17 Awesome Gifts That'll Inspire Adventure
The best apparel, gadgets, and gear for the outdoorsy folk in your life
This holiday season, give the adventurers in your life even more reasons to scale that mountain, conquer that trail, camp out, and just generally stay outside. Outdoorswomen and men, after all, are all about the journey. Here are some cool accoutrements that won't just help facilitate it; they'll make the journey maximally glorious.

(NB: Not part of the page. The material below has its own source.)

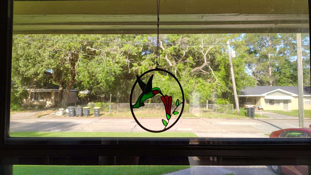 Stained glass hummingbird in my Aunt Jeannie’s kitchen window.

Know of a cyclist who likes to ride with style? The bike bag mavens behind Po Campo have teamed up with the whimsical helmet manufacturers of Nutcase just for the holiday season to offer a matching handlebar bag and helmet for $99. Po Campo’s Kinga Handlebar Bag (normally $45) is made from vegan, weatherproof materials with reflective accents and, once off the bike, converts to a crossbody bag. Nutcase’s Street Helmet (normally $70) boasts adjustable fitting, a detachable visor, and plenty of cushioned protection. It makes for a sporty look that’s as safe as it is stylish!

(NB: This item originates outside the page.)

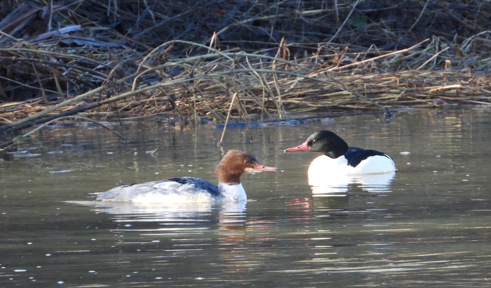 Cutt Mill Ponds: 2 redhead Goosander (D Cox).

In other collaboration news, the makers of Airblaster Ninja Suits—the most whimsical among one-piece base layers for cold-weather adventurers—tête-à-têted with the coziness experts behind Rumpl Puffy Sherpa Blankets to offer matching sets for female and male adventurers who identify with ninjas. The suit is $120; the blanket, $159. The photo opps? Priceless.
Bring loved ones’ outdoor dining experiences to the next level with the gift of the UCO Bamboo Elements Mess Kit ($20) from Industrial Revolution. Its bowl, plate, spork set, and reusable tether (which keeps everything organized together) are made from 90 percent natural materials. Plus, these good-looking vessels are guaranteed not to leak.
With the gift of the Aquaphonics AQ9 speaker ($60) from Lifeproof, the mountaineers in your orbit can take their beats to the peaks. This compact, waterproof bluetooth device, available in three jaunty colors, was built for traveling—it plays nice and loud and even features a clip-on carabiner.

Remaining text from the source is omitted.